Defendants make similar arguments concerning SL-x and AQS. A decision not to merge with SL-x, even if taken based on the unanimous decision of EquiLend’s board of directors, cannot be seen as anti-competitive where Plaintiffs failed to allege that such a merger would have been in EquiLend’s best interest—particularly given that SL-x lacked an operational platform. EquiLend’s later decision not to make a capital investment is subject to the same analysis. Even EquiLend’s ultimate purchase of SL-x’s patents after its failure was legitimate joint venture conduct, per Defendants, even though they never ultimately commercialized the technology. With respect to AQS, Defendants point out that Plaintiffs did not allege any facts demonstrating why a deal between AQS and OCC would have posed “a significant threat to the Prime Broker Defendants,” and, further, that Defendants’ subsequent acquisition of AQS was not for the purpose of “burying it”—AQS had, in fact, already failed.

  1. Standing, Statute of Limitations, and Unjust Enrichment

With apologies for lumping these disparate categories together, this section will overview Defendant’s three remaining arguments for dismissal, beginning with Defendant’s assertion that the injuries pleaded are too speculative to confer antitrust standing.

Defendants characterize Plaintiffs’ claim of injury as one based on a “hypothetical world of all-to-all trading in which the elimination of the Prime Broker Defendants as middlemen would have allowed borrowers and lenders to execute stock loan trades at lower costs.” This is unavailing, say the Defendants, for two reasons: first, neither Data Explorers nor SL-x had any plans to offer all-to-all trading; second, to the extent that AQS did hold that goal, rules requiring broker-dealers to function as intermediaries would have prevented its actualization. In order to plead antitrust standing, a plaintiff must allege that it is “an efficient enforcer of antitrust laws”; one of the ways that can be demonstrated is the speculative of the alleged injuries. Describing Plaintiffs’ injury theories as both “conjectural” and “attenuated,” Defendants posit that their speculative nature alone is sufficient to defeat antitrust standing. Defendants rely here—as they do at several points in their brief—on the case of In re Interest Rate Swaps Antitrust Litigation, which ruled that, despite the presence of three out of four “enforcer factors” favoring antitrust standing, their “extraordinarily conjectural” injury theory was sufficient to preclude standing.

Next, Defendants’ statute of limitations argument was presented in two parts. First, while Plaintiffs’ complaint, filed August 16, 2017, asserts claims for damages stretching back to January 7, 2009, claims under Section 1 of the Sherman Act are subject to a four-year statute of limitations. To the extent that Plaintiffs allege continuing violations, Defendants say, that exception only permits a Plaintiff to recover for “damages caused by over acts committed inside the limitations period.”
Under New York law, the statute of limitations for Plaintiffs’ unjust enrichment claims vary depending on the relief sought: six years for an equitable remedy, but just three where money damages are sought. Defendants argue that Plaintiffs’ sought-after “restitution of [] monies of which they were unfairly and improperly deprived” is a demand for monetary damages subject to the three-year limitation period. Under that standard, claims for conduct prior to August 16, 2014 is barred.

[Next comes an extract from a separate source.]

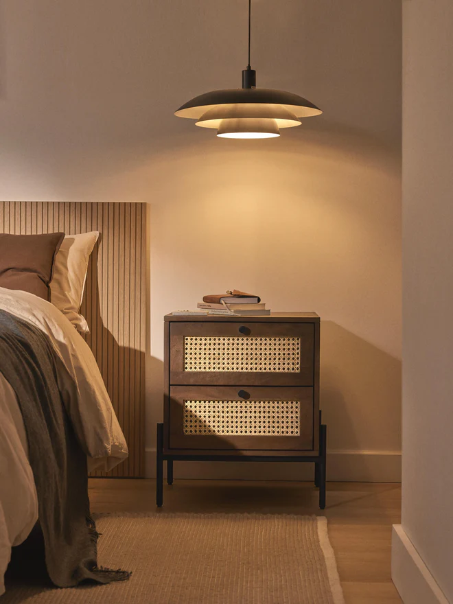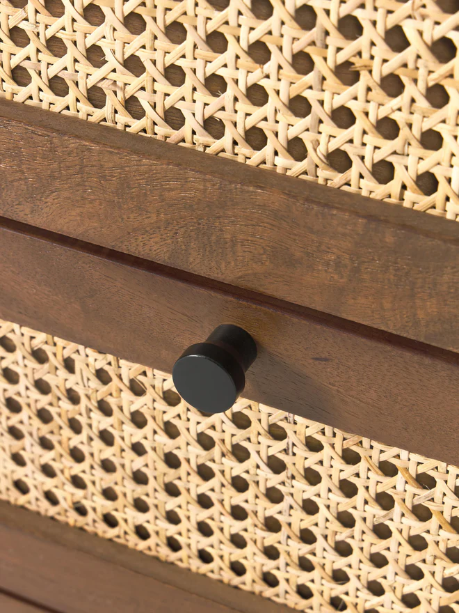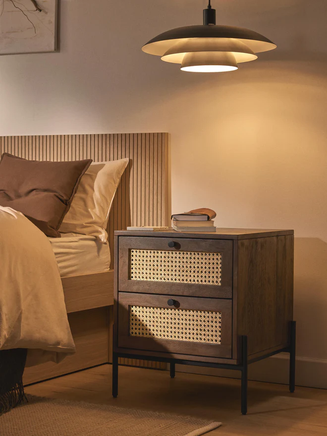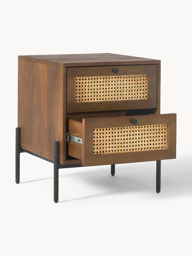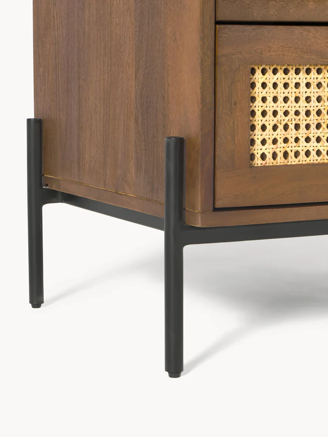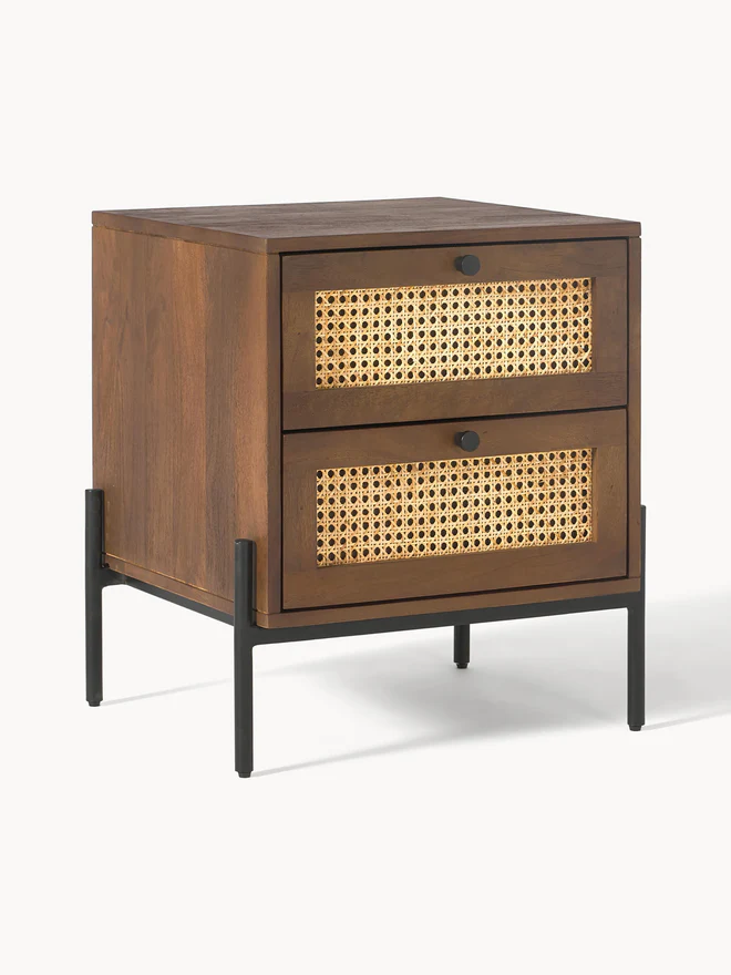 From Viennese coffee houses to the wishlist of every trendsetter: Viennese wickerwork is the must-have material of the moment. The typical woven pattern impresses with a unique design that perfectly complements Scandinavian, boho, and retro styles. Our Vienna series embraces this trend and translates it into a cool collection of unique furniture pieces and statement lamps! The bedside table features two drawers.

In response to Plaintiffs’ argument that the Prime Broker Defendants fraudulently concealed their conduct, thus tolling the limitations period, Defendants claim that such concealment allegations conflict with Plaintiffs’ theory of the case. Specifically, Defendants point to allegations by Plaintiffs that Defendants openly threatened industry participants, including members of the proposed class—if such threats occurred, Defendant ask, how could it also be true that the Plaintiffs did not know of the behavior? Other arguments in this section concern the adequacy of Plaintiffs’ pleadings, with Defendants contending that Plaintiffs failed to meet their burden in proving that “misleading” statements by the Defendant were intentionally false when made.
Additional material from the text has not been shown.